For the following null hypothesis \(H_0\), and alternative hypothesis \(H_1\), with the level of significance \(\alpha=0.05\).

\(H_0:\) the population median of the paired differences is equal to 0 (\(m_d = 0\)).

\(H_1:\) the population median of the paired differences is not equal to 0 (\(m_d \neq 0\), hence the default two-sided).

Because the level of significance is \(\alpha=0.05\), the level of confidence is \(1 - \alpha = 0.95\).

The wilcox.test() function has the default alternative as "two.sided", the default median of paired differences as 0, and the default level of confidence as 0.95, hence, you do not need to specify the "alternative", "mu", and "conf.level" arguments in this case.

wilcox.test(data_x, data_y, paired = TRUE,
            alternative = "two.sided",
            mu = 0, 
            conf.int = TRUE, conf.level = 0.95)

Or:

wilcox.test(data_x, data_y, paired = TRUE,
            conf.int = TRUE)

    Wilcoxon signed rank exact test

data:  data_x and data_y
V = 99, p-value = 0.5798
alternative hypothesis: true location shift is not equal to 0
95 percent confidence interval:
 -0.350  0.735
sample estimates:
(pseudo)median 
         0.225 

The estimate of the median of paired differences, \(\tilde d\), is 0.225,

test statistic, \(V\), is 99,

the p-value, \(p\), is 0.5798,

the 95% confidence interval is [-0.350, 0.735].

Interpretation:

Note that for wilcox.test() in R, the two methods may disagree for some edge cases, as p-value is based on exact distribution or normal distribution, and confidence interval is sometimes based on approximations.

  • P-value: With the p-value (\(p = 0.5798\)) being greater than the level of significance 0.05, we fail to reject the null hypothesis that the population median of the paired differences is equal to 0.

  • Confidence Interval: With the null hypothesis median of paired differences (\(m_d = 0\)) being inside the confidence interval, \([-0.350, 0.735]\), we fail to reject the null hypothesis that the population median of the paired differences is equal to 0.

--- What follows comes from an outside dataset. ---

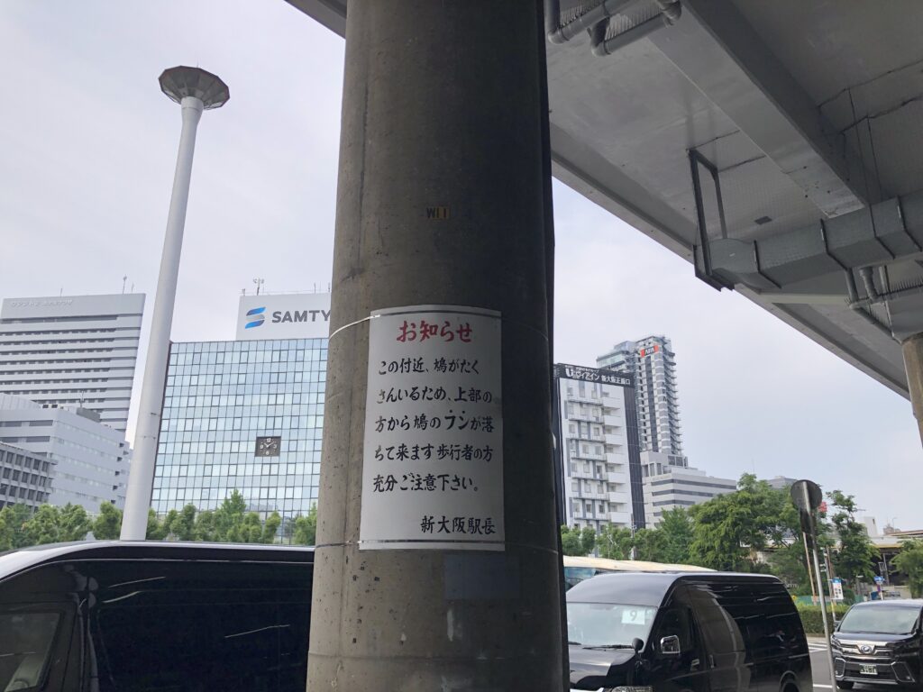 新大阪駅長からの鳩難いお知らせです。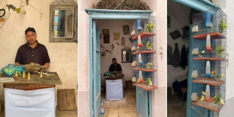Surrounded by several canaries, Habib listens to them respond to each other by modulating their trills. Sitting in front of his workbench, he hammers the copper and, with fine punches, chisels the pieces that follow one another in his hands.

3 Two-tailed Paired Samples Wilcoxon Signed-Rank Test in R

Using a subset of the nottem data from the "datasets" package with 10 sample rows from 20 rows below:

nottem_data = data.frame(matrix(nottem, ncol = 12, byrow = TRUE))[,1:6]
colnames(nottem_data) = c("Jan", "Feb", "Mar", "Apr", "May", "June")
rownames(nottem_data) = 1920:1939
nottem_data
      Jan  Feb  Mar  Apr  May June
1920 40.6 40.8 44.4 46.7 54.1 58.5
1924 39.3 37.5 38.3 45.5 53.2 57.7
1925 40.0 40.5 40.8 45.1 53.8 59.4
1926 39.2 43.4 43.4 48.9 50.6 56.8
1929 34.8 31.3 41.0 43.9 53.1 56.9
1932 42.4 38.4 40.3 44.6 50.9 57.0
1935 40.0 42.6 43.5 47.1 50.0 60.5
1936 37.3 35.0 44.0 43.9 52.7 58.6
1937 40.8 41.0 38.4 47.4 54.1 58.6
1939 39.4 40.9 42.4 47.8 52.4 58.0

For “Apr” as the x group versus “Jan” as the y group.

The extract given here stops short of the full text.